Алексей идет под дождем и думает о том, что, если улица Соола наполнится водой, соль растворится и унесет страх и ненависть. И не будет больше ни тибла, ни СС, ни оторванных рук, ни едкого дыма от сжигания человеческих тел. Какая же это все-таки святая роскошь – помнить в себе ребенка. В одном он прав: вода приносит ему счастье. Может, и мне тоже приносит, только я этого еще не поняла.
Маленький облезлый плюшевый немецкий медведь, как стойкий бронзовый рыцарь, до сих пор сидит на нашем подзеркальнике. О войне дед вспоминать не любил, поэтому моя история имеет равные шансы быть правдоподобной и не очень. Но я хочу сказать искреннее, большое, невероятное спасибо всем воевавшим на немецкой стороне солдатам, которые по каким-то зависящим или не зависящим от них причинам не смогли или не захотели выстрелить в гвардии старшего сержанта Двоеглазова Леонида, не смогли или не захотели взять его в плен, сладострастно запытать и зверски удушить в газовой камере или хладнокровно пристрелить в каком-нибудь леске или овраге.
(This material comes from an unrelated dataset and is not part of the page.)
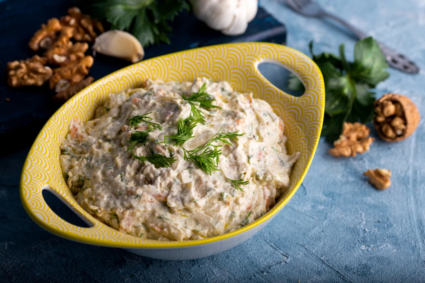 Orzechy włoskie możemy wykorzystać do przygotowania pewnej wariacji na temat sałatki jarzynowej. To idealne danie nie tylko na święta - przepis można powtórzyć również na sylwestra, bądź inną okazję. Rodzinie z pewnością zasmakuje.
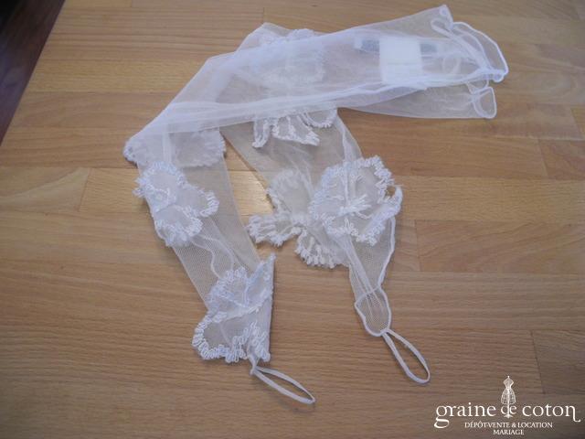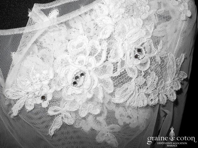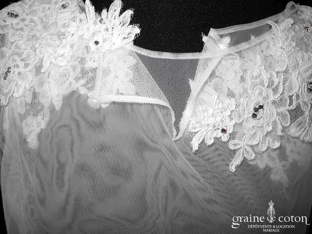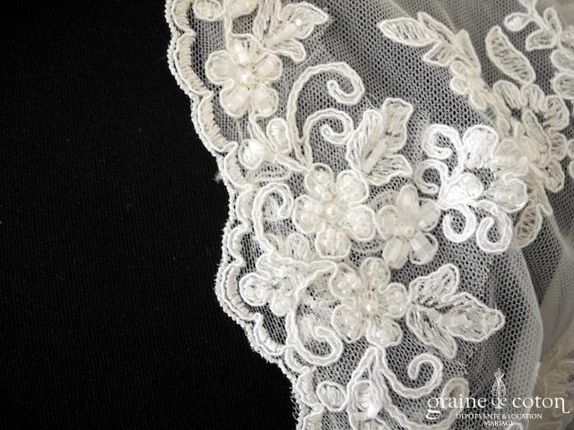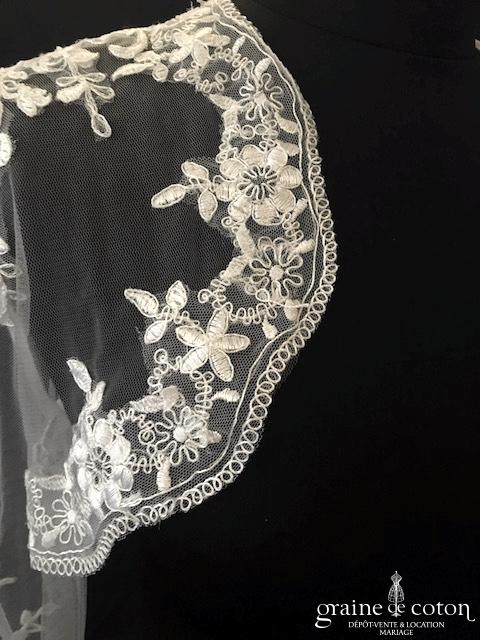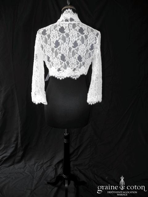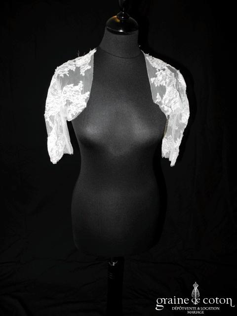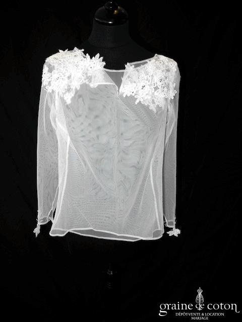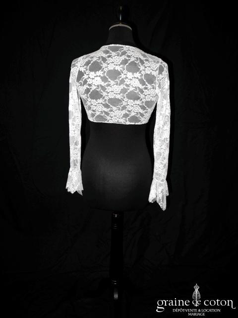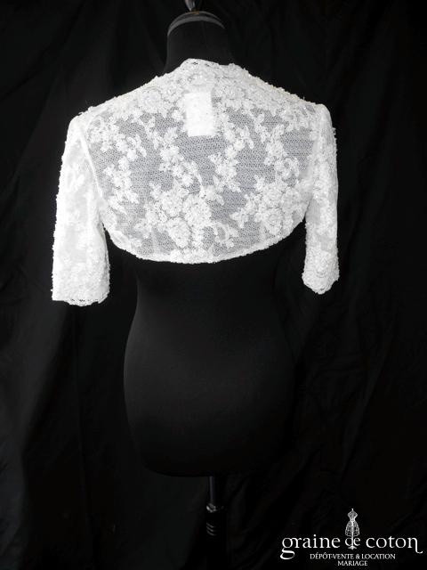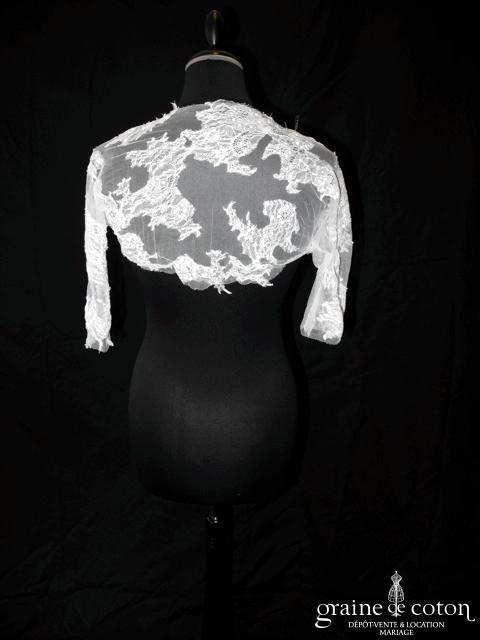 Boléro à manches longues à fermer dans le dos en tulle et broderies ivoire

Они фанатично служили бредовой, бессовестной и бесчеловечной идее, или просто выполняли чьи-то приказы, или заблуждались. Но судить их я не буду, это уже сделали за меня. Сегодня мне достаточно того, что их оружие не сработало и я ношу в себе память о моем деде, которого – я точно знаю – заменить было бы некем.
Фотография пятая
«19 августа 1988 года.
Блеск! Вот это характер! Сегодня сидим за столом, ужинаем и ведем беседу – я, мама, Лена и Надюшка. Мне через час уезжать в командировку. Беседа мирная, ленивая. И вдруг Лена вскользь, не вдумавшись, нечаянно позволяет реплику в отношении Люды. Этого никогда раньше не было, поэтому бессистемность поступка осталась без внимания, как говорится – пропустили мимо ушей.
И вдруг Надя, неожиданно замолчавшая, разрыдалась. И заговорила – сказала, что Лена взрослая, и ей все можно, что маму нельзя обижать, что варенья они действительно не наварили, потому что маме некогда покупать сахар, что если еще раз что-нибудь подобное о маме скажет, то она, Надя, ее поколотит. Вот так.
Елена дернулась. Настя засобиралась к бабе Оле.
Конфликт, к счастью, разрешился, все остались довольны, но и все запомнили – формируется неслабый человечек».
На самом деле я пообещала Лене выбить зубы, и она ткнула мне под нос злой крепкий кулак, отчего мой мозг еще точнее зафиксировал момент. На, обожрись своего варенья.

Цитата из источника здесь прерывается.